L'université de Toulouse Jean-Jaurès devrait se retrouver devant les tribunaux. Une requête, déposée au tribunal administratif de la même ville début octobre 2017, cible l'établissement. En cause : le recrutement d'une enseignante-chercheuse issue des rangs même de l'université à un poste de maître de conférences.
À l'origine de cette saisine, un enseignant-chercheur qui avait postulé pour le même poste en février 2017. Il estime avoir fait les frais d'une politique de recrutement local. Après avoir tenté un recours gracieux, il a décidé d'attaquer la décision prise par l'université.
Le localisme pointé du doigt
"C'est un recrutement interne déguisé", assène son conseil, Maître Florent Verdier. L'avocat bordelais, bien connu pour défendre d'habitude les étudiants sur les questions de sélection à l'entrée en master, ne voit qu'une seule "explication rationnelle" à la décision de la commission en charge du recrutement : le localisme.
Pour le juriste, cette décision est doublement problématique. D'abord, du fait de la composition de la commission. Depuis l'adoption, en 2007, de la LRU (Loi relative aux libertés et responsabilités des universités), des comités de sélection sont en charge du recrutement des maîtres de conférences et des professeurs d'université. Ils regroupent, à égale proportion, des enseignants-chercheurs de l'établissement et d'autres qui lui sont étrangers.
Dans cette affaire, quatre des six enseignants-chercheurs issus de l'université Toulouse Jean-Jaurès viennent du même laboratoire que la candidate finalement recrutée. Deux membres du comité de sélection, pourtant extérieure à l'établissement, étaient par ailleurs rapporteurs de sa thèse.
L'avocat estime aussi que son "client a un parcours universitaire exemplaire". Difficile de mesurer les qualités humaines respectives des candidats, forcément décisives dans un tel processus. Reste que son client compte quatre fois plus de publications que la candidate retenue et des expériences correspondant exactement à l'offre émise par l'université. Contactée, l'université précise ne pas avoir "été saisie de cette plainte" et refuse de communiquer pour l'instant sur ce cas.
Une jurisprudence floue
"Mon objectif, c'est de dénoncer les pratiques de recrutement de certaines universités, pas de me faire intégrer à Toulouse", précise le requérant, joint par EducPros par téléphone. Il a longtemps hésité à saisir le tribunal administratif, craignant que cette démarche puisse le gêner dans ses futures candidatures. Pour les mêmes raisons, il préfère rester anonyme.

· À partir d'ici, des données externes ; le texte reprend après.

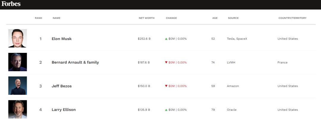 △截至北京时间10月1日,福布斯全球富豪榜(图源:网站截图)
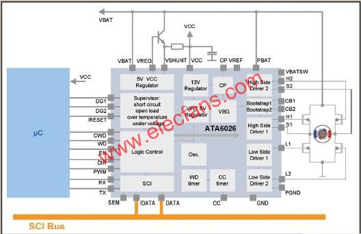 為進(jìn)一步防止系統(tǒng)出現(xiàn)故障,要求汽車IC具備很多功能,如過熱關(guān)閉、過壓和欠壓保護(hù)、以及防短路全保護(hù),要滿足嚴(yán)格的汽車鑒定要求(防傳導(dǎo)干擾,EMC和ESD保護(hù))。為解決這些問題,滿足以上要求,Atmel公司開發(fā)了ATA6026這一高度集成的柵極驅(qū)動(dòng)器IC。該柵極驅(qū)動(dòng)器IC包括一個(gè)5V/100mA穩(wěn)壓器加一個(gè)看門狗,對(duì)要求PCB面積較小的較小型設(shè)計(jì),這就減少了外部元件數(shù),這在機(jī)電方案中很關(guān)鍵。該IC進(jìn)行運(yùn)動(dòng)控制,因此這一功能不需要在微控制器中增加任何存儲(chǔ)器??撮T狗執(zhí)行窗口看門狗的功能,在窗口打開期間,由微控制器通過WD引腳從低電平向高電平轉(zhuǎn)化時(shí)觸發(fā)。如果看門狗檢測(cè)到窗口錯(cuò)誤,即在窗口打開時(shí)未觸發(fā)或者在窗口關(guān)閉時(shí)錯(cuò)誤觸發(fā),將會(huì)產(chǎn)生復(fù)位脈沖。

C'est que le localisme clive depuis très longtemps la communauté universitaire. La problématique n'a pas évolué depuis l'adoption de la LRU et les chiffres de l'endo-recrutement n'ont que peu évolué depuis 2008. En 2016, 20 % des nouveaux maîtres de conférences ont été recrutés dans leur propre université. Une statistique qui monte à 44 % pour les professeurs d'universités. "Les chiffres montrent d'ailleurs que l'intégration au sein même des comités de sélection de personnalités extérieures aux établissements ne permets pas de faire diminuer le recrutement local", analyse Franck Loureiro, secrétaire général adjoint du Sgen-CFDT.
Tous [les contentieux] ne ciblent pas le localisme, mais beaucoup s'intéressent à un problème connexe : l'impartialité du jury.
(E. Roux)
"Malgré tout, l'endo-recrutement est un problème, mais les cas litigieux sont très rares". "Il y a régulièrement des contentieux relatifs aux recrutements, précise de son côté Emmanuel Roux, président de l'université de Nîmes et de la commission juridique de la CPU. Tous ne ciblent pas le localisme, mais beaucoup s'intéressent à un problème connexe : l'impartialité du jury. Des recours favorisés par une jurisprudence encore floue." En juin 2017, le tribunal administratif de La Réunion avait annulé la procédure de recrutement d'un maître de conférences en histoire, estimant "que les conditions dans lesquelles s'étaient déroulés les travaux du comité de sélection n'étaient pas conformes aux exigences de la réglementation applicable".
Un manque de temps qui peut coûter cher
Professeur d'université à la faculté d'économie de Poitiers et auteur de l'article "Le localisme dans le monde académique : une autre approche", Olivier Bouba-Olga nuance : "Même si certains cas sont manifestement injustes, je ne pense pas que l'endo-recrutement soit une grosse problématique en France. Le vrai problème, c'est le temps."
L'ancien doyen de la faculté d'économie de Poitiers a déjà participé à plusieurs procédures de recrutement : "On a peu de temps pour examiner les dossiers et les auditions durent au maximum trente minutes. On manque de temps et de moyens alors que l'on recrute quelqu'un qui, potentiellement, fera toute sa carrière au sein du laboratoire." Un temps que les universités peuvent ensuite perdre devant les tribunaux.